By L&T Columnist Gary Damron
This last week my brother and I spent a lot of time together, the first time that’s happened in a long time, and it was because our mom has been hospitalized. When I drove him home afterward his two dogs met him and put on a show of complete adoration, bouncing up and down with excitement.
Last week’s article mentioned the people around Bethlehem when Jesus came as a baby. Most of them missed the event, which we find hard to understand. But in the same way, how many will miss his return to earth because they’re asleep, either figuratively or literally.
A sermon I heard this week started me thinking about different ways of looking at the Advent. The pastor chose what appeared to be an unlikely passage for his text, Mark chapter 13. Usually considered a prophecy of the Second Coming of Christ, it was presented with hope for all, even those who are experiencing shadows and pain.
In the passage Mark recounts Jesus’ conversation with his disciples regarding the destruction of the temple in Jerusalem. What struck me was how unaware folks were even after hearing the words – and how unprepared we are today for what lies ahead. “’Be on guard! Be alert,’” Jesus urged. He compared himself to a man who goes away and puts his bondservants in charge, with one to keep watch at the entrance. Yet we as the gatekeepers of our own lives may not be standing ready to open the door when Jesus knocks.
The passage is sobering to read, and warns of false prophets or messiahs. The only real safeguard against that is to know him in a personal way before he returns. Even some Christians have become so distracted that a kind of generic god has taken the place of the Christ who was born and died for us. Christian holidays now have little to do with the birth or resurrection of our savior. We see fewer Nativity sets, and an ad received this week for holiday stamps mentioned only those commemorating Kwanzaa, Hanukkah and secular themes.
Jesus further instructs that no one should stop to gather anything before fleeing the abomination. When we left to pastor our first church, we loaded all our belongings in a small U-Haul and took off, but as we’ve grown older we take more with us each move. Refugees leave behind clothing, food, everything valuable, while those unwilling to do that are caught in the fray.
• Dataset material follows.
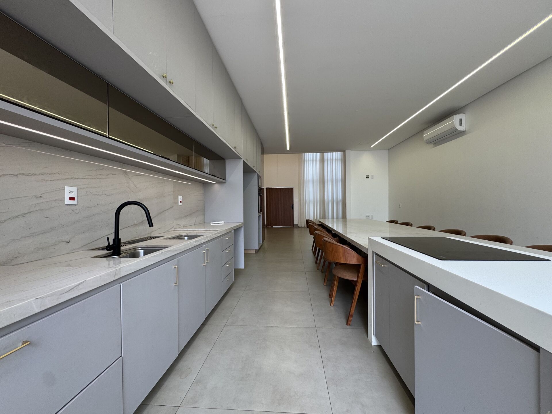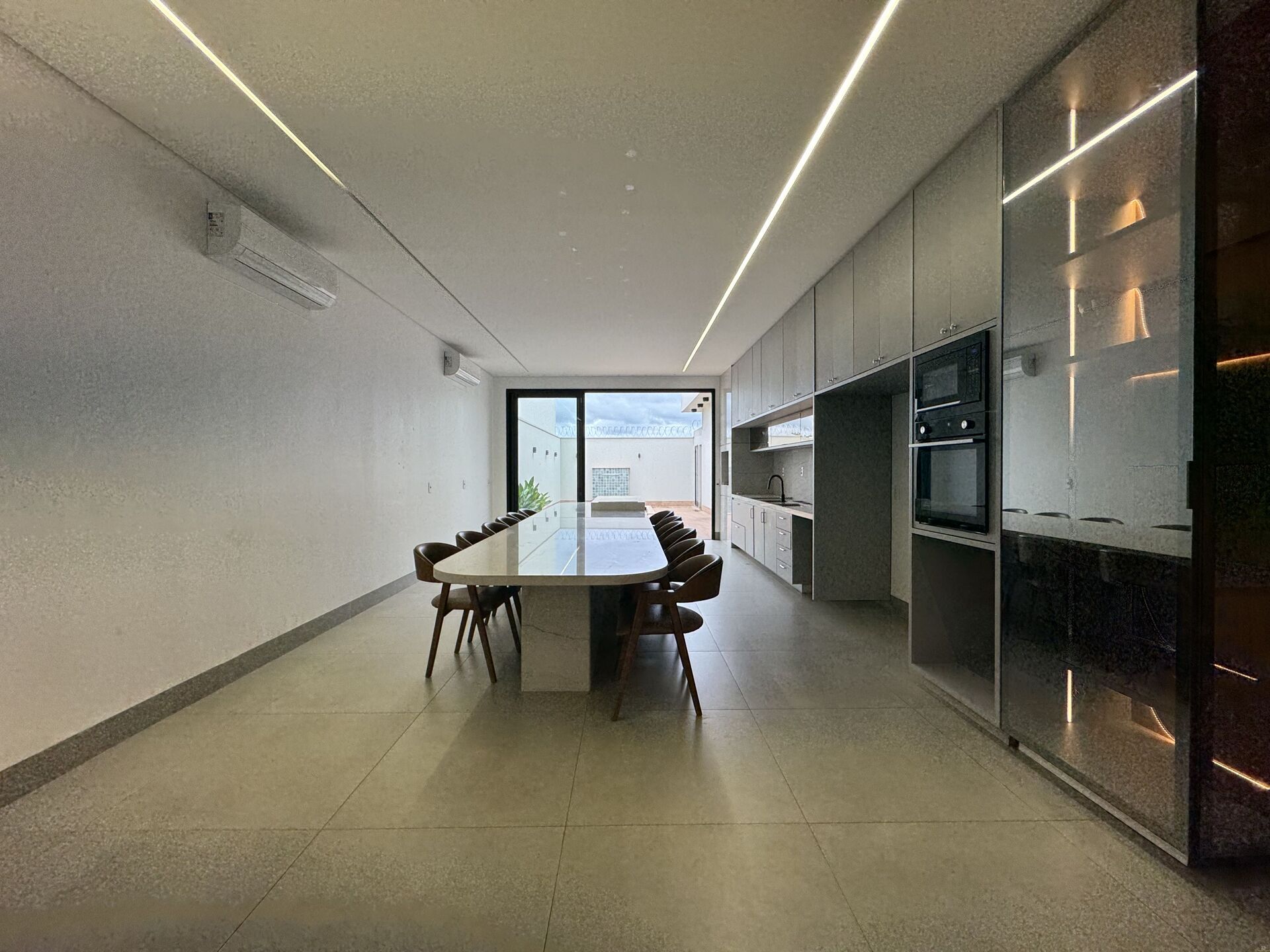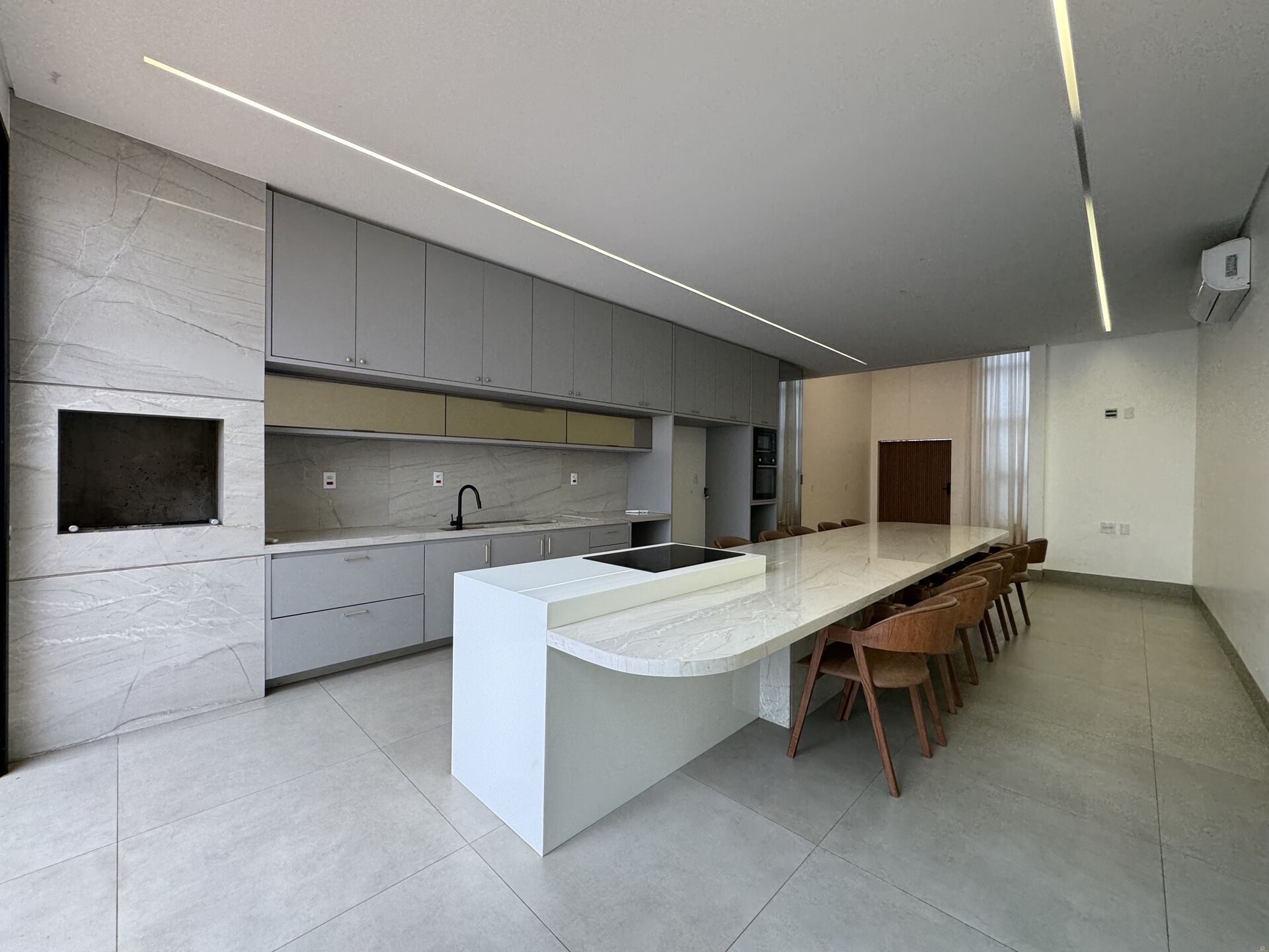 Cozinha grande integrada com área de churrasqueira, + ilha central em mesa com 12 cadeiras.

We need to think of belongings as an encumbrance and be willing to part with them at a moment’s notice.
The passage in Mark 13 also tied in with a responsive reading from Isaiah 11, with both referencing a holy mountain in which we will find refuge. In many beliefs mountains represent a place where the divine resides, but the neat thing with Jesus is the Mountain has come to us.
The shepherds on the hillsides that first Christmas night initially were terrified, but later returned from Bethlehem glorifying and praising God. May we also be found watching for his coming into our daily lives.